The SBC's family statement calls for wives to be "graciously submissive" to their husbands. The authors of that statement explicitly denied that the marital relation is one of "mutual submission." In their view, the immutable dynamic and unchanging circumstance of the family is that the husband is its head "boss" or "ruler". Submission is one-sided. There is no admonition for husbands to be "submissive" to their wives -- graciously or otherwise -- in the SBC's family statement.
After the family statement was approved by the SBC in June 1998, there was a great "hue and cry" among Mainstream Baptists opposing its imposition on the faculty at SBC Seminaries. Reaction was so strong that in September 1998, I left my position as pastor of a church in Houston and accepted a full-time position as a leader among the Mainstream Oklahoma Baptists who opposed the "family" statement and other aspects of the fundamentalist takeover of the SBC.
Unfortunately, the battle over the family statement in the SBC was very brief. More than 100 prominent evangelical leaders -- including Mike Huckabee -- endorsed the SBC's family statement in a full-page newspaper advertisement. Shortly thereafter, seminary professors who refused to deny that the Bible taught "mutual submission" in marriage were terminated.
Fast forward ten years. Now Mike Huckabee is running for President of the United States. He is asked about his endorsement of the SBC's family statement.

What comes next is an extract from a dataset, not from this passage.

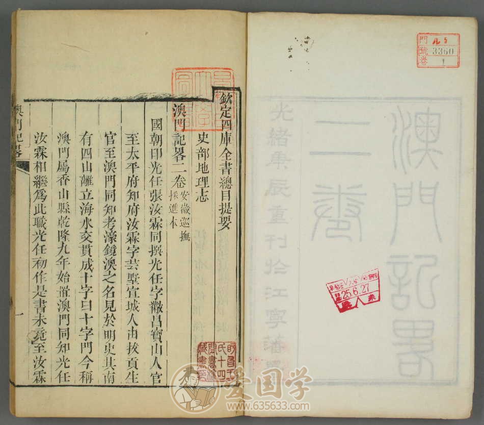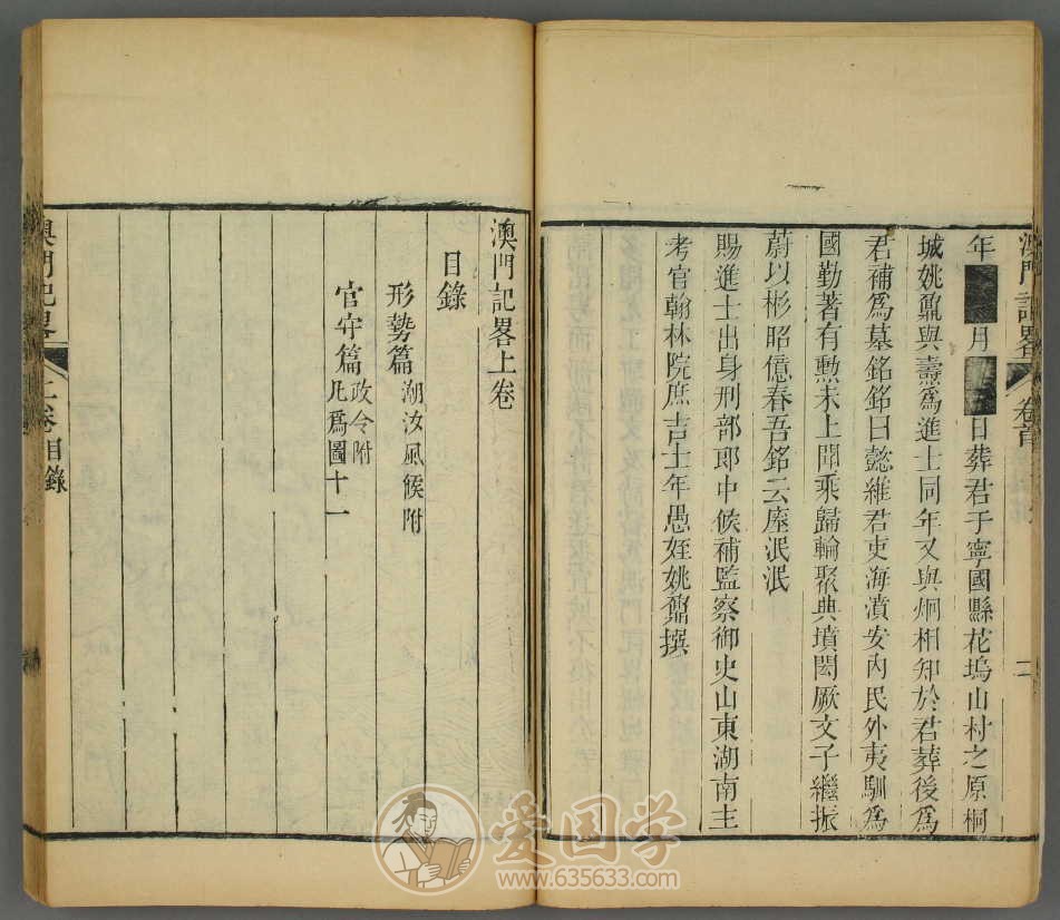内容:《澳门记略》亦作《澳门纪略》,是世界和中国历史上第一部系统介绍澳门的古籍著作。全书共三篇,分上下两卷。上卷包括《形势篇》和《官守篇》,《形势篇》主要介绍澳门及附近地方的地理、气候与军事布防等;《官守篇》主要介绍澳门的历史沿革,明朝与清朝的管治、相关政令与历史事件等。下卷为《澳蕃篇》,详述外蕃的贸易往来、宗教信仰和传教士在中国的风俗习惯等,还附有插图 21 帧和 400 多条中葡对照词语。此版为光绪六年刻本。

Before a national television audience he gives the impression that he is offering a vigorous defense of the SBC's family statement, but what interpretation of relations within the family is he giving? Is he giving the SBC's husband-as-ruler-of-the-family interpretation or is he giving the Mainstream Baptist "mutually submissive" relations interpretation? You make the call. Here's the complete transcript of this part of the 1-10-08 GOP debate in South Carolina:
CAMERON: Governor Huckabee, to change the subject a little bit and focus a moment on electability.
Back in 1998, you were one of about 100 people who affirmed, in a full-page ad in the "New York Times," the Southern Baptist Convention's declaration that, quote, "A wife us to submit herself graciously to the servant leadership of her husband."
Women voters in both parties harshly criticized that. Is that position politically viable in the general election of 2008, sir?
HUCKABEE: You know, it's interesting, everybody says religion is off limits, except we always can ask me the religious questions. So let me try to do my best to answer it.
(APPLAUSE)
And since -- if we're really going to have a religious service, I'd really feel more comfortable if I could pass the plates, because our campaign could use the money tonight, Carl.
(LAUGHTER AND APPLAUSE)
We'll just go all the way.
First of all, if anybody knows my wife, I don't think they for one minute think that she's going to just sit by and let me do whatever I want to. That would be an absolute total misunderstanding of Janet Huckabee.
The whole context of that passage -- and, by the way, it really was spoken to believers, to Christian believers. I'm not the least bit ashamed of my faith or the doctrines of it. I don't try to impose that as a governor and I wouldn't impose it as a president.
But I certainly am going to practice it unashamedly, whether I'm a president or whether I'm not a president. But the point...
(APPLAUSE)
... the point, and it comes from a passage of scripture in the New Testament Book of Ephesians is that as wives submit themselves to the husbands, the husbands also submit themselves, and it's not a matter of one being somehow superior over the other. It's both mutually showing their affection and submission as unto the Lord.
So with all due respect, it has nothing to do with presidency. I just wanted to clear up that little doctrinal quirk there so that there's nobody who misunderstands that it's really about doing what a marriage ought to do and that's marriage is not a 50/50 deal, where each partner gives 50 percent.
Biblically, marriage is 100/100 deal. Each partner gives 100 percent of their devotion to the other and that's why marriage is an important institution, because it teaches us how to love.